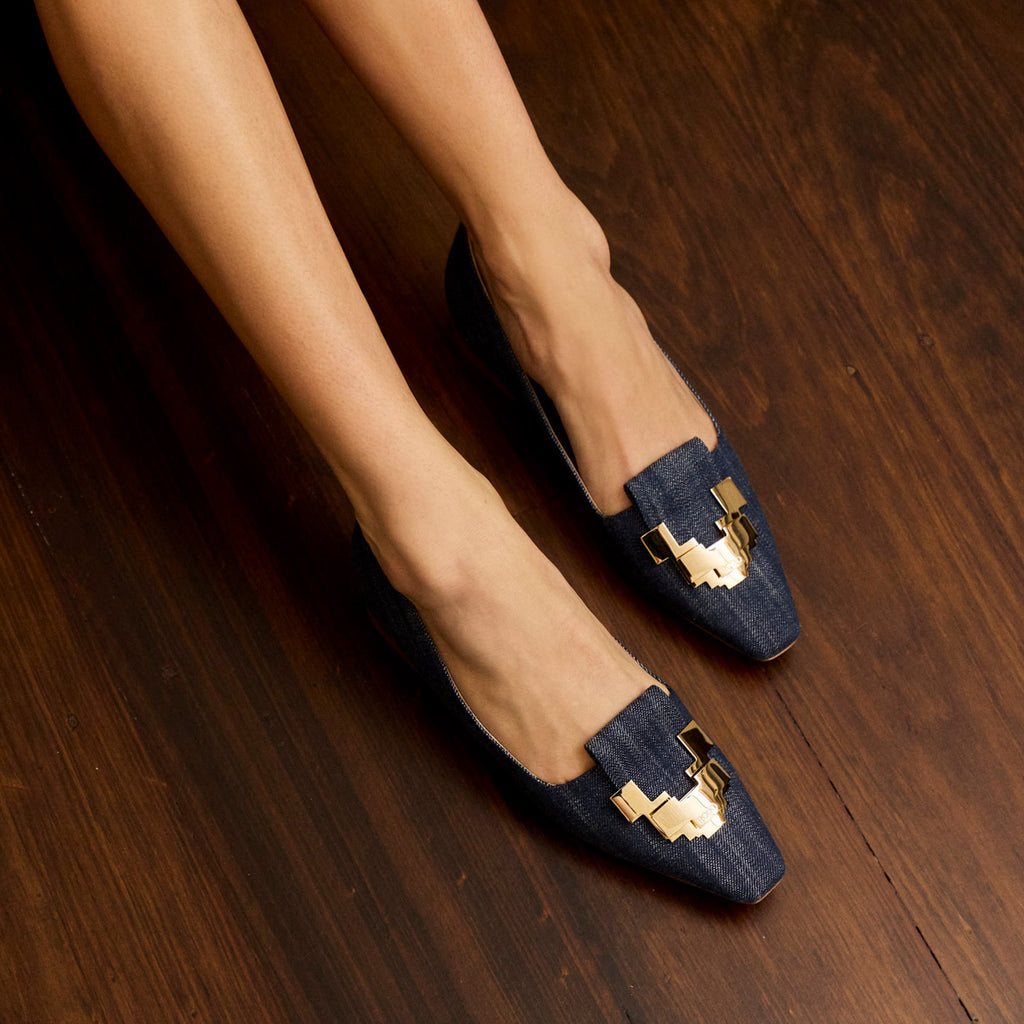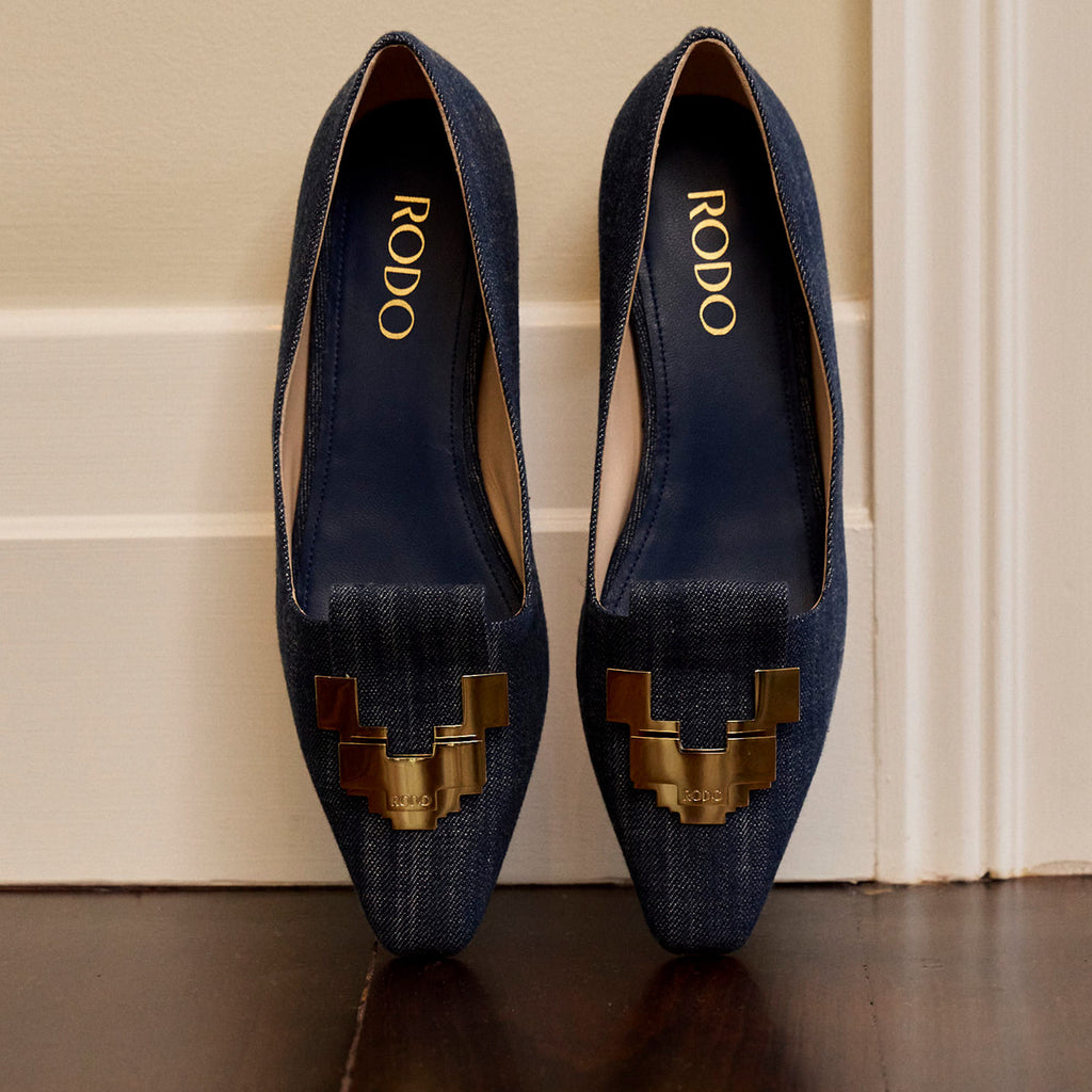 Denim and demure details give Rodo’s Pollie Flats both wearability and covetability. Crafted in Italy with a dark denim upper, this style features a tapered square toe, a signature metal brooch engraved with the Rodo logo, and a comfortable stacked flat block heel base.
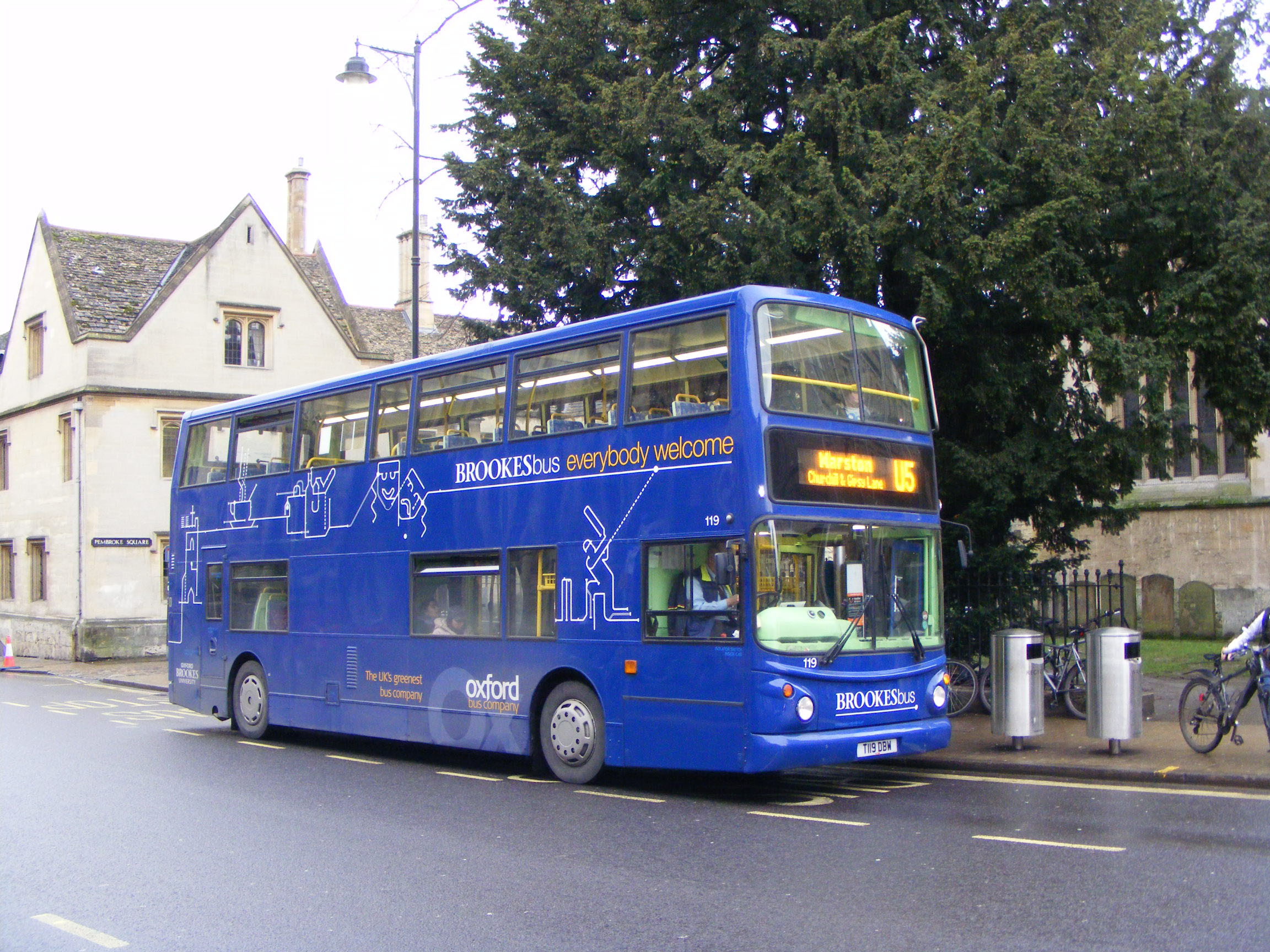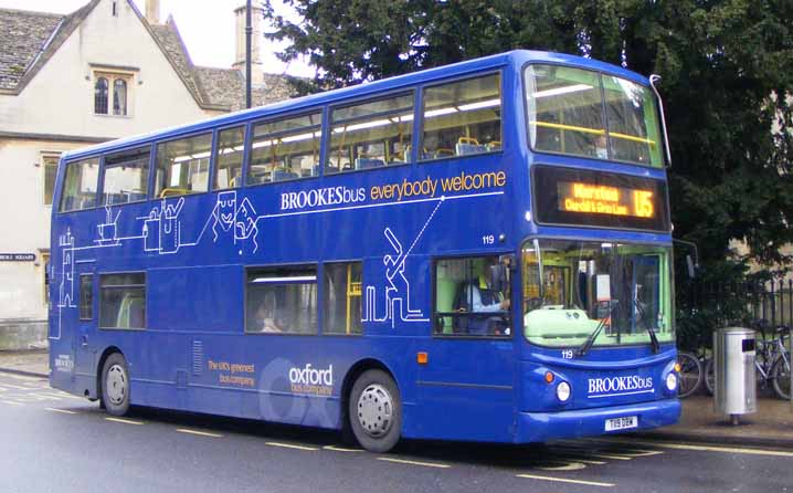 At least one of the Alexander ALX400 batch of original Park & Ride Dennis Tridents was painted in Brookes livery as exemplified by 119 (T119DBW) seen in the city on the U5 in February 2011. Completing the trio, the Tridents have been in green, red and blue!
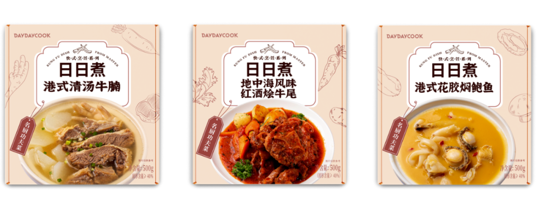 今年4月,日日煮推出了他们的冷冻功夫菜。这一系列包含三款制作过程极度复杂的美味菜肴:港式清汤牛腩、红酒焖牛尾和港式花椒焖鲍鱼。采用冷冻料理包的方式,简化制作流程,极大地满足了新世代消费者的需求。

++++++++++++++++++++

ACTIVITY » Print the material above once more, exactly, minus the pictures.

RESULT BELOW »
 Denim and demure details give Rodo’s Pollie Flats both wearability and covetability. Crafted in Italy with a dark denim upper, this style features a tapered square toe, a signature metal brooch engraved with the Rodo logo, and a comfortable stacked flat block heel base.
 At least one of the Alexander ALX400 batch of original Park & Ride Dennis Tridents was painted in Brookes livery as exemplified by 119 (T119DBW) seen in the city on the U5 in February 2011. Completing the trio, the Tridents have been in green, red and blue!
 今年4月,日日煮推出了他们的冷冻功夫菜。这一系列包含三款制作过程极度复杂的美味菜肴:港式清汤牛腩、红酒焖牛尾和港式花椒焖鲍鱼。采用冷冻料理包的方式,简化制作流程,极大地满足了新世代消费者的需求。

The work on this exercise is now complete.